ALEX 2018 Workshop: Abstracts

Fractals, homogenization, and multigrid

Martin Heida(1), Ralf Kornhuber(2), Joscha Podlesny(2), and Harry Yserentant(3)

(1) Weierstraß-Institut Berlin (Germany)

(2) Institute of Mathematics, Free University of Berlin (Germany)

(3) Institute of Mathematics, Technichal University of Berlin (Germany)

The fractal perspective on spatial self-similarity of geological structures has already quite a history, cf., e.g., [6]. Though simulation is obviously needed to overcome observational gaps, current activities in mathematical modelling and numerical approximation of fault network behavior seem to be rare and limited to single faults or simple fault geometries (see, e.g., [5] and the references cited therein).

On this background, we consider a scalar elliptic model problem with jump conditions on a sequence of multiscale networks of interfaces and suggest a new concept, called fractal homogenization, to derive and analyze an associated asymptotic limit problem [2]. The resulting “fractal” solution space is characterized in terms of generalized jumps and gradients, and we prove continuous embeddings into L2 and Hs, s<1/2 on suitable assumptions on the geometry of the multiscale interface network.

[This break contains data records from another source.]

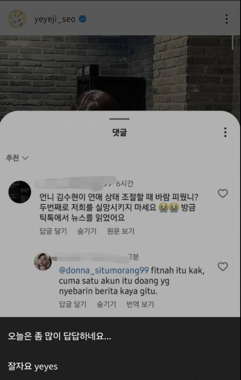 โดยเธอยืนยันว่าไม่มีความสัมพันธ์ส่วนตัวกับคิมซูฮยอนหรือพี่ชายของเขา ซอเยจีได้เขียน ข้อความถึงแฟน ๆ ว่าเธอรู้สึกเหนื่อยล้า และเศร้าใจจากข่าวลือดังกล่าว และขอให้หยุดเผย แพร่ข้อมูลที่ไม่เป็นความจริง "ฉันไม่รู้ว่าทําไมฉันต้องอธิบายเรื่องนี้ด้วย"
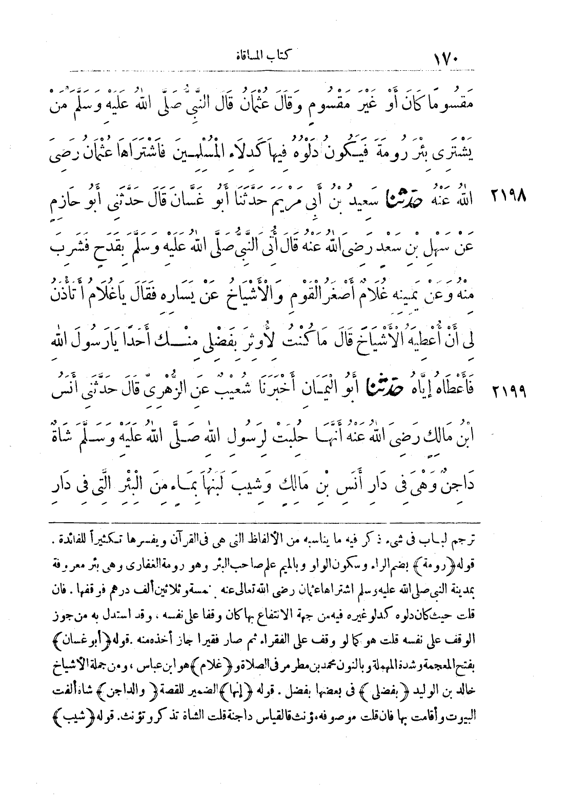 2198 - حَدَّثَنَا سَعِيدُ بْنُ أَبِي مَرْيَمَ حَدَّثَنَا أَبُو غَسَّانَ قَالَ حَدَّثَنِي أَبُو حَازِمٍ عَنْ سَهْلِ بْنِ سَعْدٍ رَضِيَ اللَّهُ عَنْهُ قَالَ
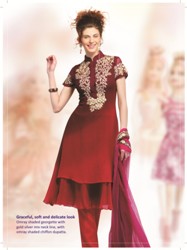 Get the modish look in this nice shade kameez with exquisite embroidery pattern. Nice neckline is adorned with geometric pattern work. Simple but attractive embroidery done on this twill cotton fabric. Small studs are used to enhance the beauty. Different fancy border of net and velvet.
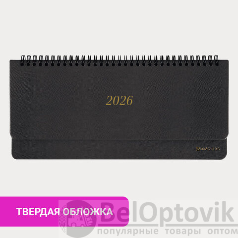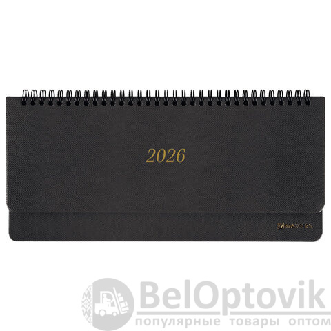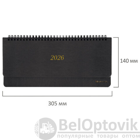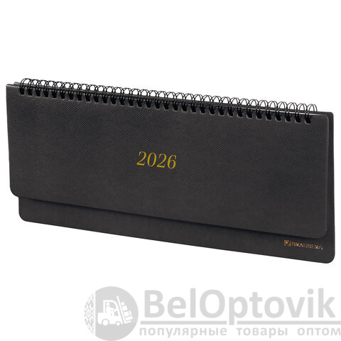 Планинг датированный 2026 305х140 мм BRAUBERG "Iguana", под кожу, черный, 117224
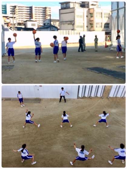 第2グラウンドやプレハブ校舎のそばでは、男子バスケットボール部、陸上部、女子バスケットボール部が活動をしています。
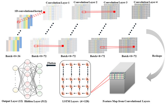 The LSTM network layers contain four layers, and the input data are derived from the features obtained from the CNN layers. The first LSTM layer contains 128 cells, and the output dimension of all the other three LSTM layers is also 128. The effective features are extracted by four LSTM layers.
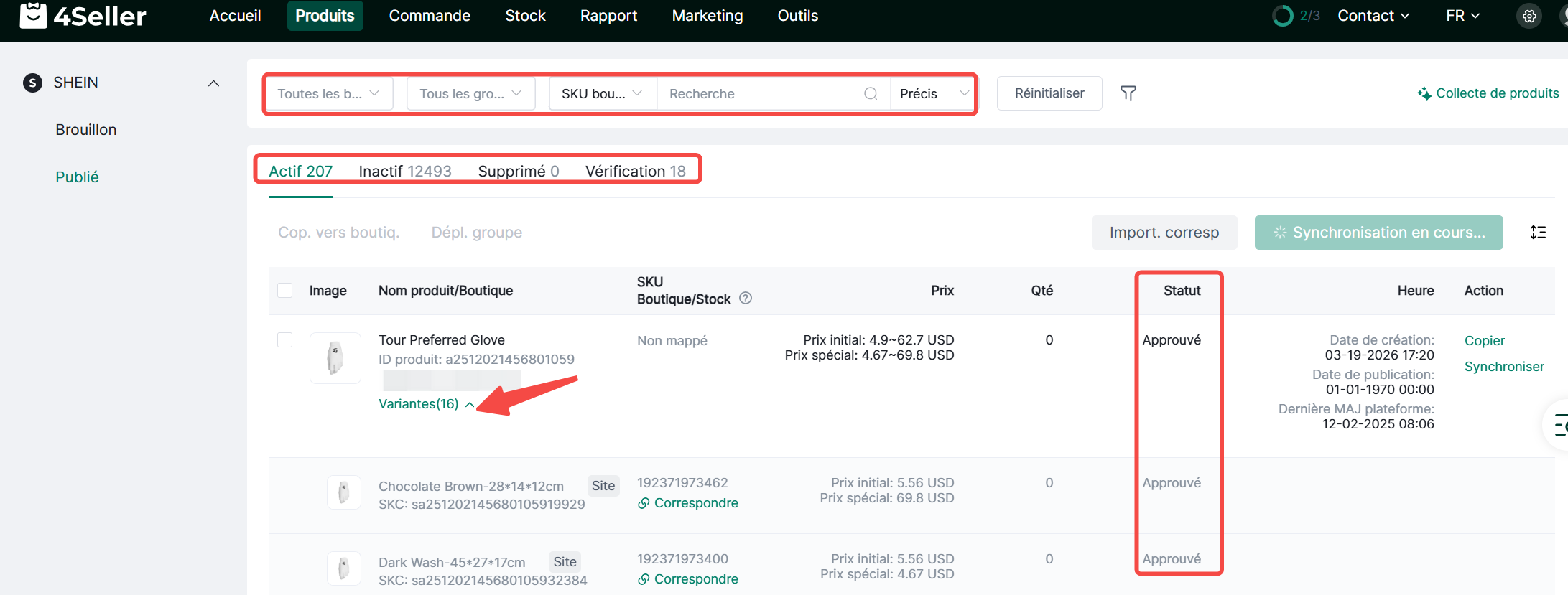(2) Après une publication réussie, le produit apparaîtra dans la liste Publiés. Cliquez sur "Variantes" pour développer et voir le statut de publication de chaque variante. Cliquez sur 'Copier' pour copier les informations produit vers la section Brouillons, ou cliquez sur "Synchroniser" pour mettre à jour les informations de la plateforme sur la page de liste.
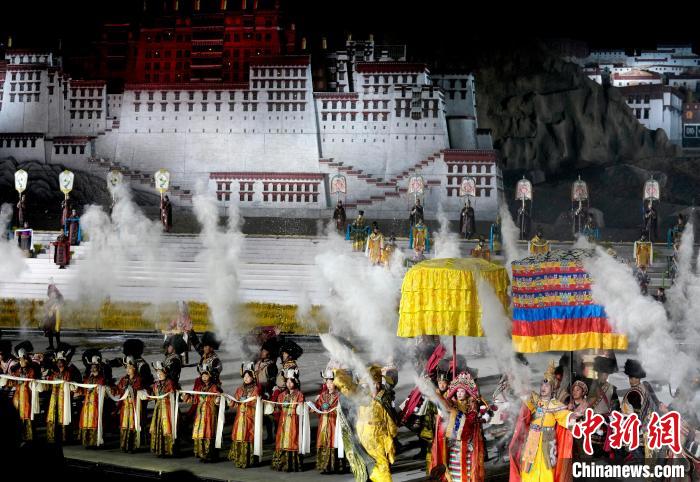 圖為《文成公主》大型實景劇第十三季演出現(xiàn)場。中新社記者 李林 攝
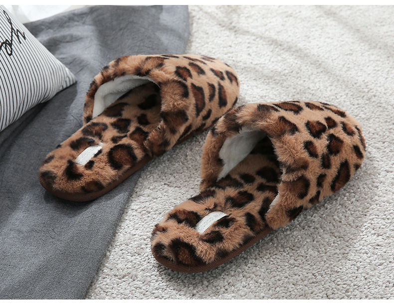 拖鞋 女士棉拖鞋 時尚 豹紋防滑居家四季 透氣毛絨布藝拖鞋由
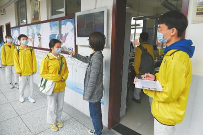 成都高新實(shí)驗(yàn)中學(xué)高三學(xué)生排隊(duì)測(cè)量體溫進(jìn)入教室。
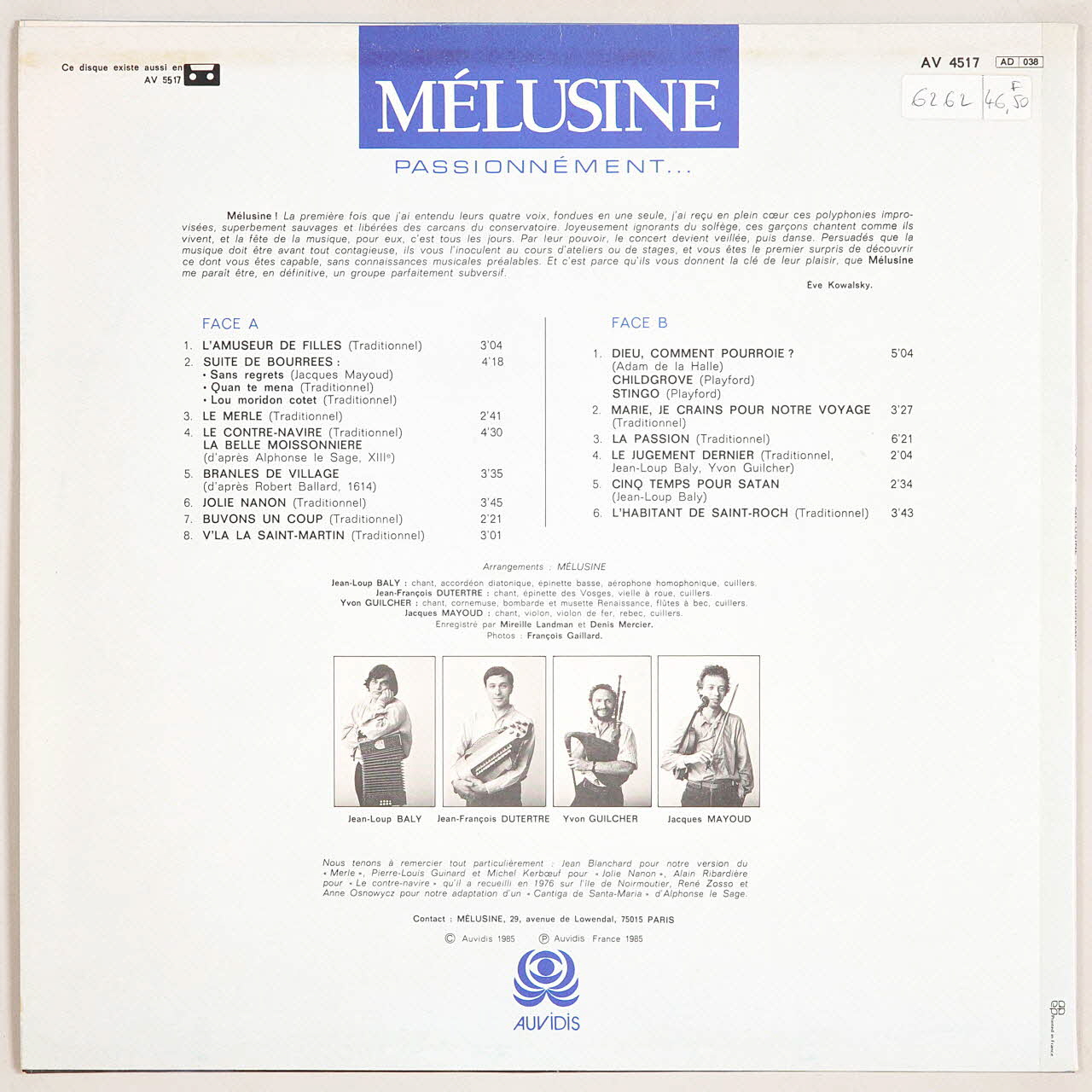 disque 33 tours, V'là la saint Martin, La belle moissonière, Le Jugement Dernier, Passionnément, Cinq temps pour Satan, La Passion, Childgrove, Le contre-navire, L'amuseur de filles, Jolie Nanon, Dieu comment pouroie, Marie je crains pour notre voyage, Stingo, Branles de village, Suite de bourrées, Buvons un coup, L'habitant de Saint-Roch, Le merle

We also present a numerical homogenization strategy in the spirit of [3, 4] which can be regarded as a re-interpretation of well-established concepts for multiscale problems [1] in terms of multigrid methods. We analyze the convergence properties of corresponding iterative solvers as well as the discretization error of corresponding discretization schemes by investigating the stability and approximation properties of certain quasi-projections.

Our theoretical findings are illustrated by numerical computations.

Acknowledgments: This research has been funded by Deutsche Forschungsgemeinschaft (DFG) through grant CRC 1114 ”Scaling Cascades in Complex Systems”, Project C05 ”Effective models for interfaces with many scales” and Project B01 ”Fault networks and scaling properties of deformation accumulation”.

References

  • 1 Y. Efendiev and T. Y. Hou. Multiscale Finite Element Methods: Theory and Applications, volume 4 of Surveys and Tutorials in the Applied Mathematical Sciences. Springer, New York, 2009.
  • 2 M. Heida, R. Kornhuber, and J. Podlesny Fractal homogenization of multiscale interface problems. Preprint arXiv:1712.01172, November 2017.
  • 3 R. Kornhuber and H. Yserentant Numerical homogenization of elliptic multiscale problems by subspace decomposition. Multiscale Model. Simul., 14, (2016), 1017-1036.
  • 4 R. Kornhuber, D. Peterseim, and H. Yserentant, An analysis of a class of variational multiscale methods based on subspace decomposition. Math. Comp. 87 (2018), 2765–-2774.
  • 5 E. Pipping, R. Kornhuber, M. Rosenau, and O. Oncken, On the efficient and reliable numerical solution of rate-and-state friction problems. Geophys. J. Int., 204 (2016), 1858-1866.
  • 6 D. L. Turcotte, Fractals and Chaos in Geology and Geophysics. Cambridge University Press, Cambridge, 1997.